───── SUPPLIED INFORMATION ─────

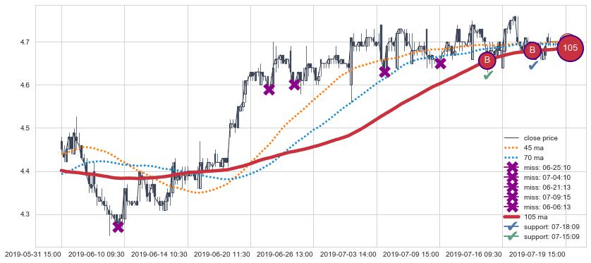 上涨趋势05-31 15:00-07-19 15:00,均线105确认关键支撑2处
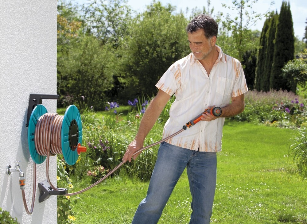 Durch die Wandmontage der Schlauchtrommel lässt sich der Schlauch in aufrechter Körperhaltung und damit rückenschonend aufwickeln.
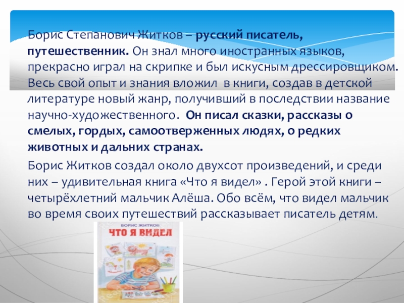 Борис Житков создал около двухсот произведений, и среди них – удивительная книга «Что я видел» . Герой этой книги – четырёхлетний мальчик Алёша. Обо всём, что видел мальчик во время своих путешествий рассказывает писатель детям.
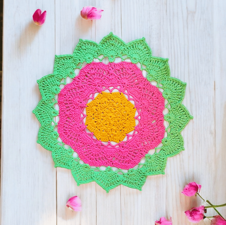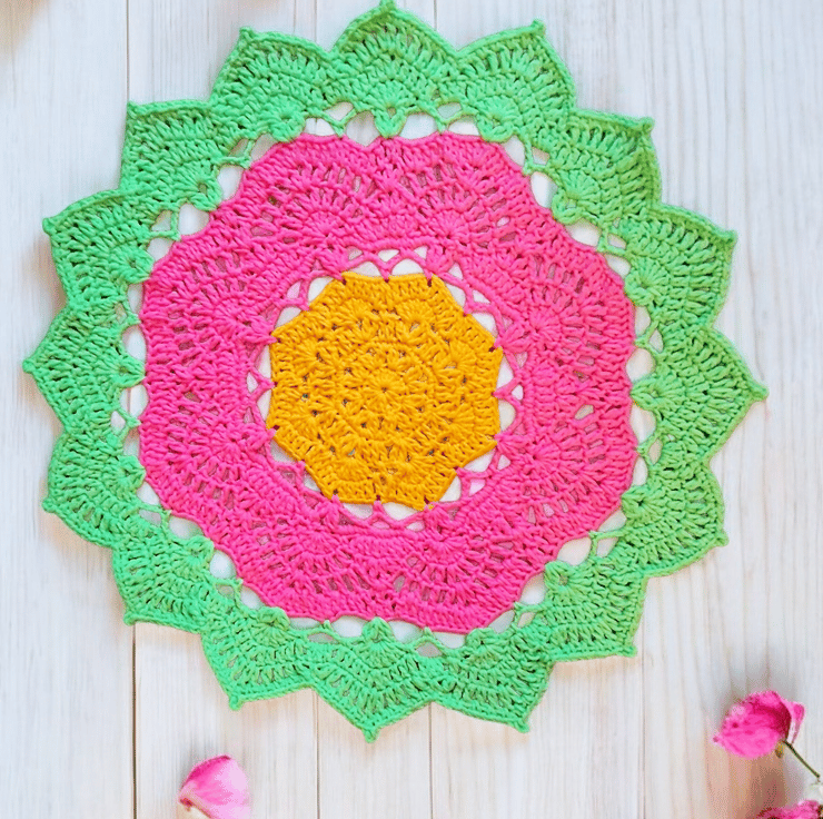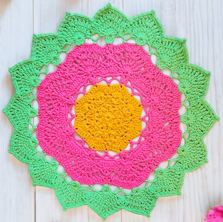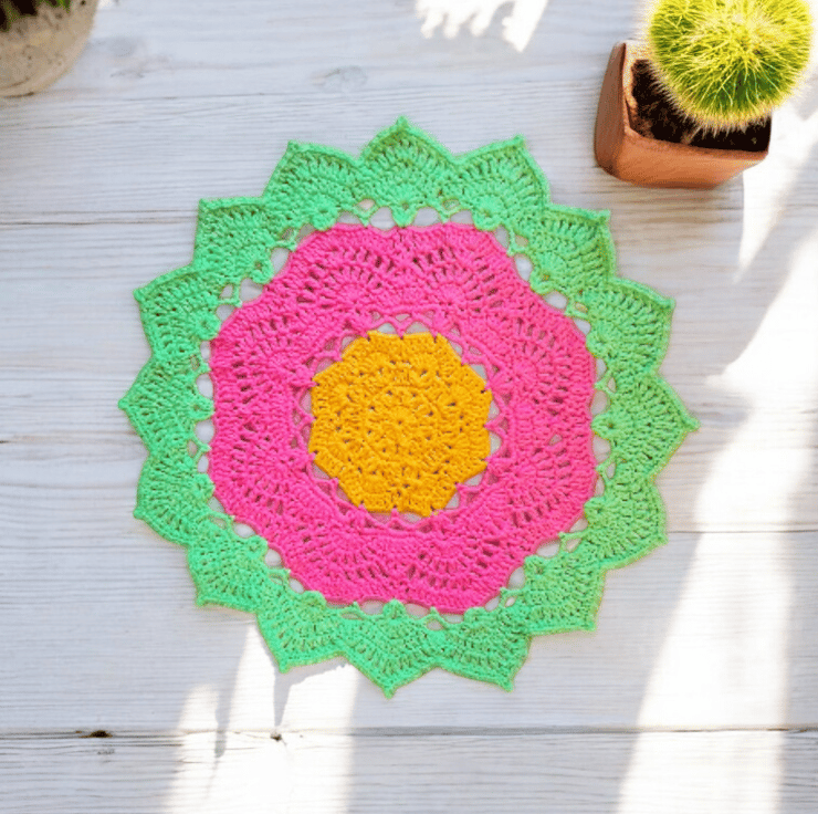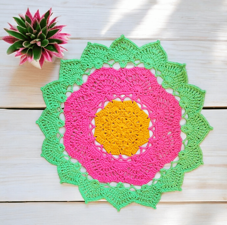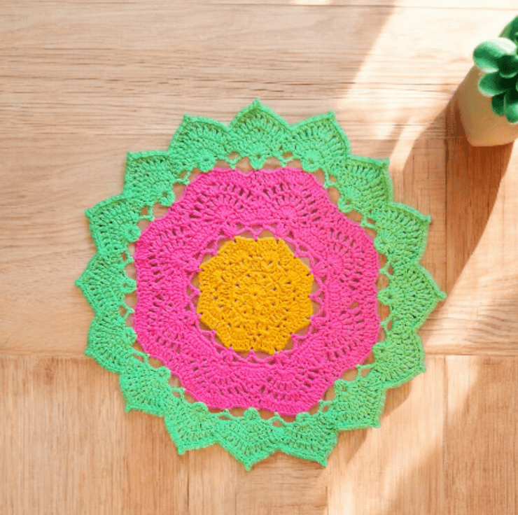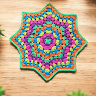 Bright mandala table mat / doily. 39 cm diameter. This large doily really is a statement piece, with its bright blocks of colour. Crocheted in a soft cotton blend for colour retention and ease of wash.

─────

TRY IT —
Only the lines from the one with "Борис Житков создал" through the final line of the data should be written out, exactly and including both ends. Skip the pictures.

ANSWER SPACE —
 Борис Житков создал около двухсот произведений, и среди них – удивительная книга «Что я видел» . Герой этой книги – четырёхлетний мальчик Алёша. Обо всём, что видел мальчик во время своих путешествий рассказывает писатель детям.
 Bright mandala table mat / doily. 39 cm diameter. This large doily really is a statement piece, with its bright blocks of colour. Crocheted in a soft cotton blend for colour retention and ease of wash.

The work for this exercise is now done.